In 1922, 35 years after the creation of The Times, Baxter merged the paper with a rival town publication owned by local printer Arthur Pickering, named The Hinckley Times & Guardian, Bosworth Herald & South Leicestershire Advertiser. Following the acquisition of the paper, it was renamed to the much simpler title of The Hinckley Times and Guardian, which better reflected the merger. From 1962, the title was swapped back to the original and current title of The Hinckley Times.

In June 1980, The Hinckley Times moved out of the Baxter family's Castle Street newspaper offices, printing, and publishing house to a new premises on Brunel Road.

On 29 February 1996, The Hinckley Times launched 'one of the first ever websites' for a local newspaper.
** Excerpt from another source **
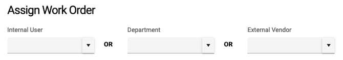 - Keep in mind that admins and sub-admins who manage work orders will also have the three fields at the bottom where they can also assign the work order to a user, department, or external users, however, this will be limited based on the department they enter in this department field.
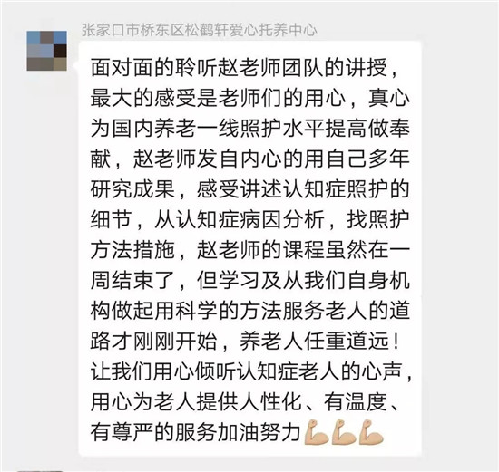 在非藥物干預(yù)的章節(jié)里,趙老師為我們這樣舉例:認(rèn)知癥老人就像一部16G的手機(jī),手機(jī)并沒有壞,只是內(nèi)存儲(chǔ)備不再夠用,即老人的感受并沒有喪失,只是無法再將感受存儲(chǔ)進(jìn)大腦。在照護(hù)中,我們要充分尊重老人,明確護(hù)理是一個(gè)行為;而作為管理者,一定不能忽視非藥物療法在長期照護(hù)中的作用,要讓整個(gè)團(tuán)隊(duì)都有此方面的意識(shí)。

The newspaper stopped trading as an independent publication when it was acquired in 1997 by Coventry Newspapers Limited. Following several takeovers and mergers, the owners became Trinity Mirror, who operate in the modern day as Reach plc.

The Hinckley Times stayed in Brunel Road until 2012 when the offices were flattened to make way for a newly-built bus station as a part of The Crescent's shopping and leisure complex. This seen the paper move to The Atkins Building on 23 November 2012.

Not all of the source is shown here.